# Clothing labels



## Pewpewindustries (Mar 31, 2017)

Does anyone know of a company or companies that can manufacture clothing labels that are not expensive? I need to order some samples and a few companies I have contacted want $75-100 to send me a sample.


----------



## FutureGenApparel (Apr 7, 2017)

Ya I Think it Depends Upon the Model. For Example We are also a Manufacturer of the Tshirts Mainly.

For Developing Fabrics , Print Screens or Embroideries , Labeling Matters , they Will Incur Some Sampling Charge.

And as a Courier Expense ( Lets Assume 1 Kg ) Depend Upon the Destinations, it Will Hardly Comes Around 30-50 $ !

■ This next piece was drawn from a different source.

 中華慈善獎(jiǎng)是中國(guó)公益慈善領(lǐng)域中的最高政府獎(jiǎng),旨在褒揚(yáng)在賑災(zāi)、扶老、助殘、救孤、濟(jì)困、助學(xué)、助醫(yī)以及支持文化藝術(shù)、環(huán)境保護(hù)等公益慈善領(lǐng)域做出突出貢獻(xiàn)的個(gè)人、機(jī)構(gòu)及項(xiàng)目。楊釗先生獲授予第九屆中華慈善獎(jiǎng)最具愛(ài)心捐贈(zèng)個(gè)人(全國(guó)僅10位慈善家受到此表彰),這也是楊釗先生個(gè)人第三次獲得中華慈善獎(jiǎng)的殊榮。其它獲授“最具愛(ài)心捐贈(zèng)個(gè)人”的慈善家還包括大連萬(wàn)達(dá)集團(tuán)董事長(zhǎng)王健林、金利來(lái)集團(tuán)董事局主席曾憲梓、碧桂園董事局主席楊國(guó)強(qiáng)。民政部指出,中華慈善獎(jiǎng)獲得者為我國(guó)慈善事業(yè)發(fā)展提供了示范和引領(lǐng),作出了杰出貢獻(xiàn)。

Frankly Speaking we Get Call At least from 100 People a Month and 25 Convert into Sampling Process and 10-20 Convert into Orders.

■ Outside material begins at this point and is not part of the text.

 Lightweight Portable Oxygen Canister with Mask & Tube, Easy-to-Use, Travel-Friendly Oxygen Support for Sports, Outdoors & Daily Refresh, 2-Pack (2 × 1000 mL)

Suppliers Wont Get Benefited in the Sampling Charge. This is Certainly the Expenses they are Facing.

Hope its Clear.


----------



## Pewpewindustries (Mar 31, 2017)

Thank you for the info. Much appreciated


----------



## AKS1961 (Aug 5, 2013)

Asking you to send $75-$100 for sending you a few labels seems a bit too much.
If you ask a domestic company, they should send a few samples by first class mail
free. I mail trim, label samples to customers I can't meet all the time.
Most label companies have minimums and some do have very low minimums and
shouldn't cost too much. 

Good Luck.
Aravind.


----------